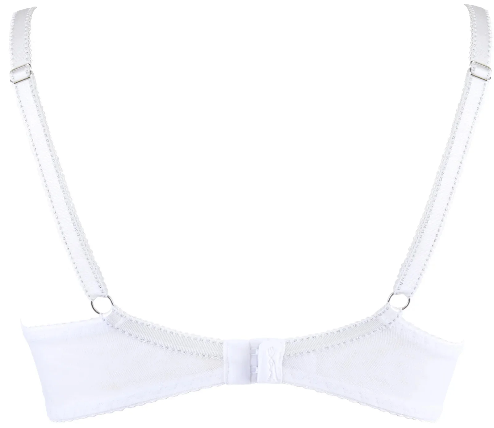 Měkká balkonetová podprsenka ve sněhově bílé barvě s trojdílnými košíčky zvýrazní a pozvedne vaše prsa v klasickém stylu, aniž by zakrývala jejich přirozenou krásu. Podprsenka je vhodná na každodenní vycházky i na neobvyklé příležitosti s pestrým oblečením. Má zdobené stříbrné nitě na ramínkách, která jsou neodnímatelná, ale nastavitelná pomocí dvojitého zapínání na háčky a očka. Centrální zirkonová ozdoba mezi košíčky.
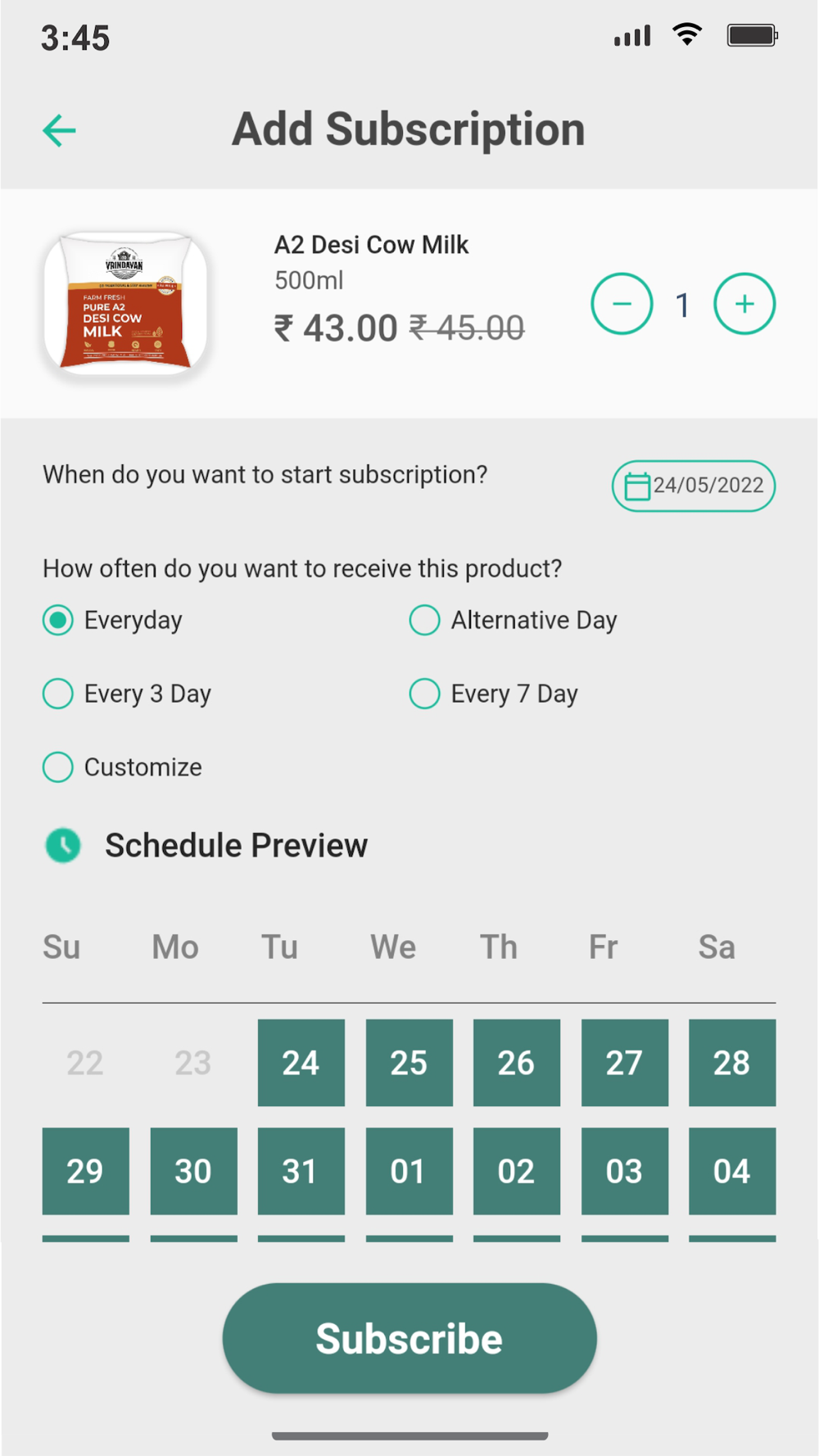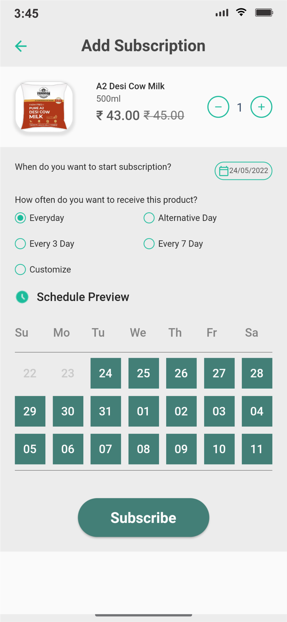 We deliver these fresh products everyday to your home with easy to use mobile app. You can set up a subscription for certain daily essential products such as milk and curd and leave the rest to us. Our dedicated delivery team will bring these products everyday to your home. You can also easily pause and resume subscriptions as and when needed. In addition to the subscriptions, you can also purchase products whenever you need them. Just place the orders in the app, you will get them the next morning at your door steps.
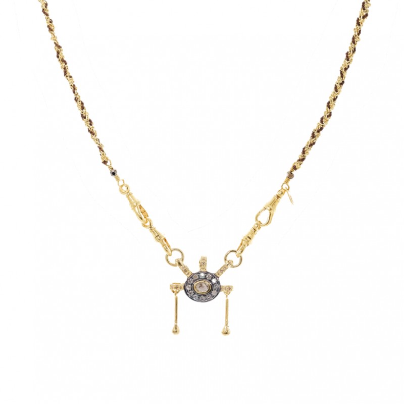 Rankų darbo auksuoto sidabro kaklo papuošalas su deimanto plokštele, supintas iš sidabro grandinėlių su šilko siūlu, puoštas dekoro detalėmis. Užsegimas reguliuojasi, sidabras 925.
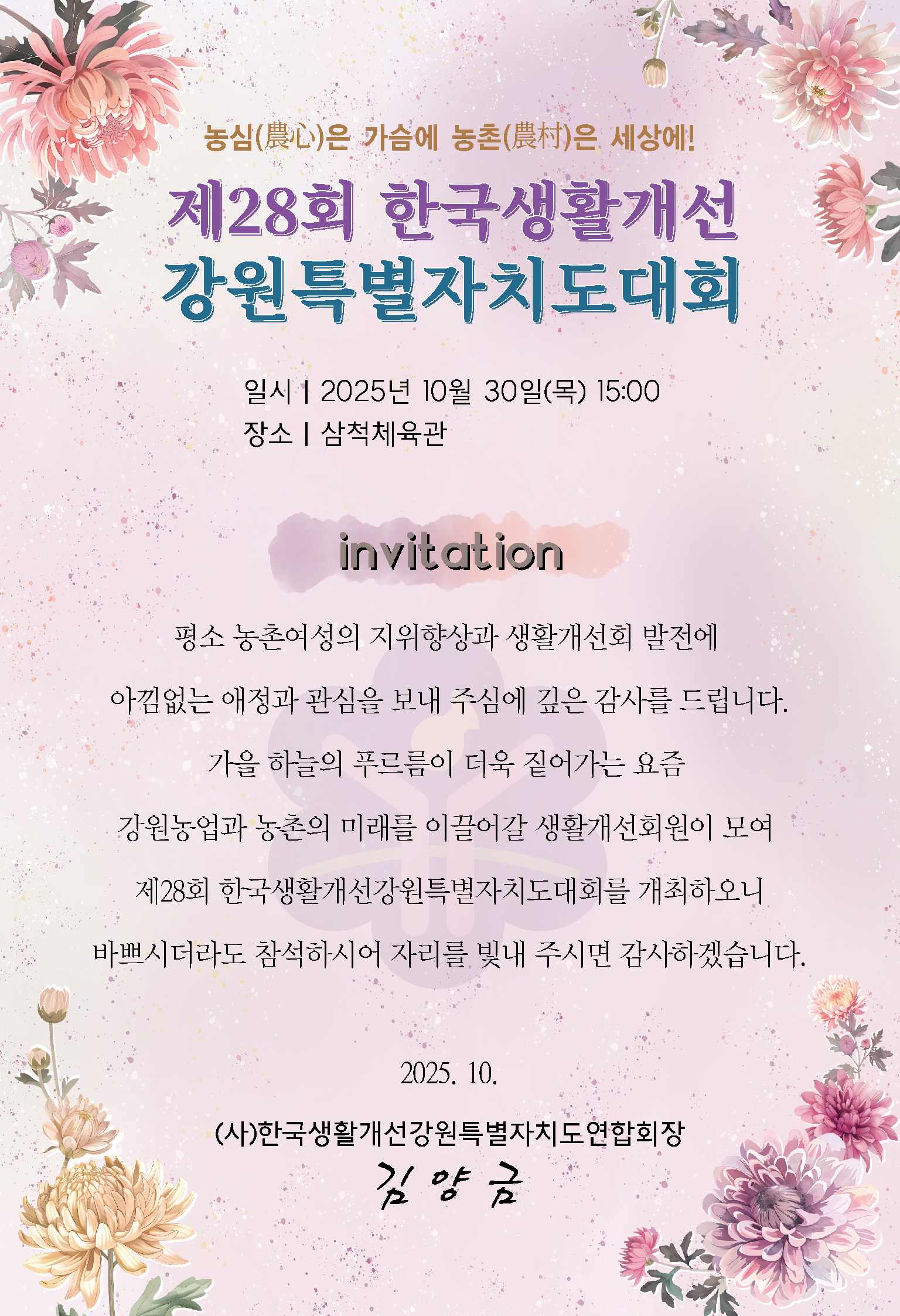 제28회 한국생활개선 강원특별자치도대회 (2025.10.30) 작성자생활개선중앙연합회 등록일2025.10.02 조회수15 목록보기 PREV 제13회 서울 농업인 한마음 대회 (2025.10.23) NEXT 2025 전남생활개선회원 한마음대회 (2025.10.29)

======

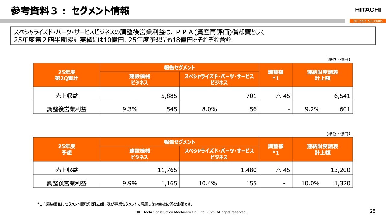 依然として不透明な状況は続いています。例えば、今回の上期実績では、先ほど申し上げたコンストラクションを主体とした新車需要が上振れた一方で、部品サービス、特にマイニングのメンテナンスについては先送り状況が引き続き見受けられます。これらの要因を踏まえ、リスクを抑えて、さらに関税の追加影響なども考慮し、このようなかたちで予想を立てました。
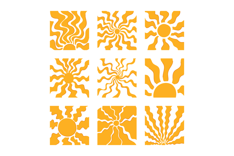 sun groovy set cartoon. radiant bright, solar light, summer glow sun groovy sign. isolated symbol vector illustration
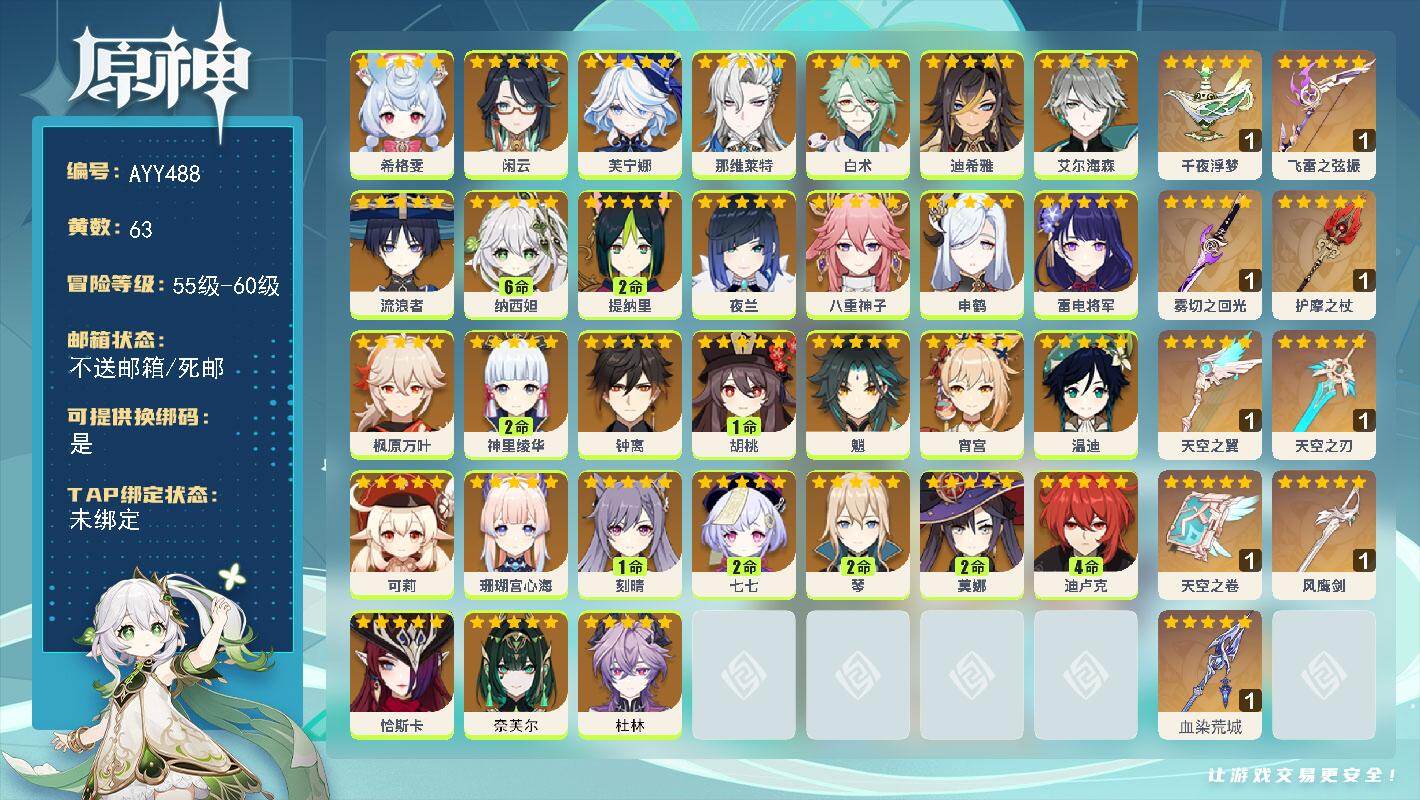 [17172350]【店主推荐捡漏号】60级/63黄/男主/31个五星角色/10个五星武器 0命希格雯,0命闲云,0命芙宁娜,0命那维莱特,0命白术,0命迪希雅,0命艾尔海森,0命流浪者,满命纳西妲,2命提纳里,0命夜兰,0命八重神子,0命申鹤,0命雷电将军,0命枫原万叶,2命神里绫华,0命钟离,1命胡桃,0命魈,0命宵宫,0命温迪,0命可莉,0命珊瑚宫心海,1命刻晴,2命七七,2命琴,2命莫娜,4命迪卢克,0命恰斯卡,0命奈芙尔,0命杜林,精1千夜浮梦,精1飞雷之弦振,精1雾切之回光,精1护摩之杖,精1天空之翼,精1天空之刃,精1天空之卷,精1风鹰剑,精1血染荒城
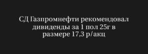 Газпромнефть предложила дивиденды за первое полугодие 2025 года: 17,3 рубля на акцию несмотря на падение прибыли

======

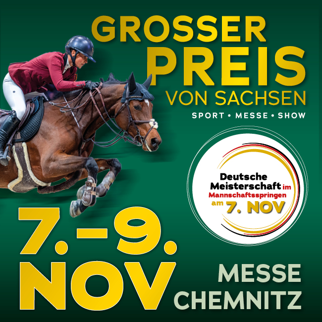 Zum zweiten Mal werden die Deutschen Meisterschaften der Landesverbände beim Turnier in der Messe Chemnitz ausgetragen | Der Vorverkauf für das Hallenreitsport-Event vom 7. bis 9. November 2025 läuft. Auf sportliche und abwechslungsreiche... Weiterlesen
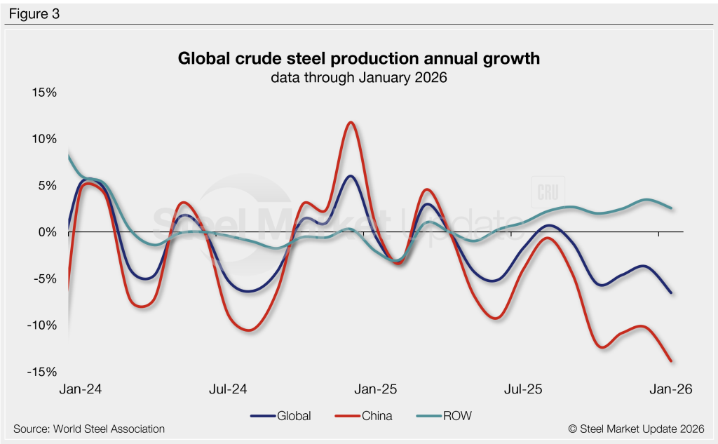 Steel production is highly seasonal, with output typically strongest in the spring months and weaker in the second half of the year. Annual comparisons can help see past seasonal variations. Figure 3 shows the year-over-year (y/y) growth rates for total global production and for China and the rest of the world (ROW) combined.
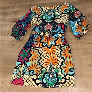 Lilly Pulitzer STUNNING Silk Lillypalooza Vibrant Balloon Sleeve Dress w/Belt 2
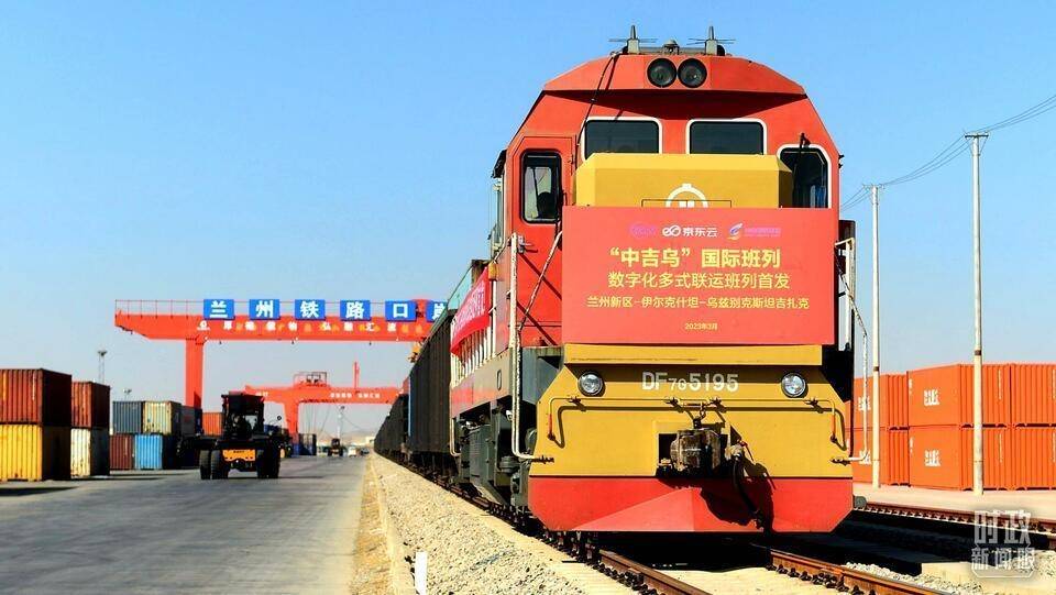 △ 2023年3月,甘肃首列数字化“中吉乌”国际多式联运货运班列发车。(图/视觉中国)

======

■ **DIRECTIONS**: When copying from the data above, print only the lines from the line containing "Měkká balkonetová podprsenka" to the line containing "Rankų darbo auksuoto", exactly, and leave the pictures out.

■ **EXERCISE SOLUTION**:
 Měkká balkonetová podprsenka ve sněhově bílé barvě s trojdílnými košíčky zvýrazní a pozvedne vaše prsa v klasickém stylu, aniž by zakrývala jejich přirozenou krásu. Podprsenka je vhodná na každodenní vycházky i na neobvyklé příležitosti s pestrým oblečením. Má zdobené stříbrné nitě na ramínkách, která jsou neodnímatelná, ale nastavitelná pomocí dvojitého zapínání na háčky a očka. Centrální zirkonová ozdoba mezi košíčky.
 We deliver these fresh products everyday to your home with easy to use mobile app. You can set up a subscription for certain daily essential products such as milk and curd and leave the rest to us. Our dedicated delivery team will bring these products everyday to your home. You can also easily pause and resume subscriptions as and when needed. In addition to the subscriptions, you can also purchase products whenever you need them. Just place the orders in the app, you will get them the next morning at your door steps.
 Rankų darbo auksuoto sidabro kaklo papuošalas su deimanto plokštele, supintas iš sidabro grandinėlių su šilko siūlu, puoštas dekoro detalėmis. Užsegimas reguliuojasi, sidabras 925.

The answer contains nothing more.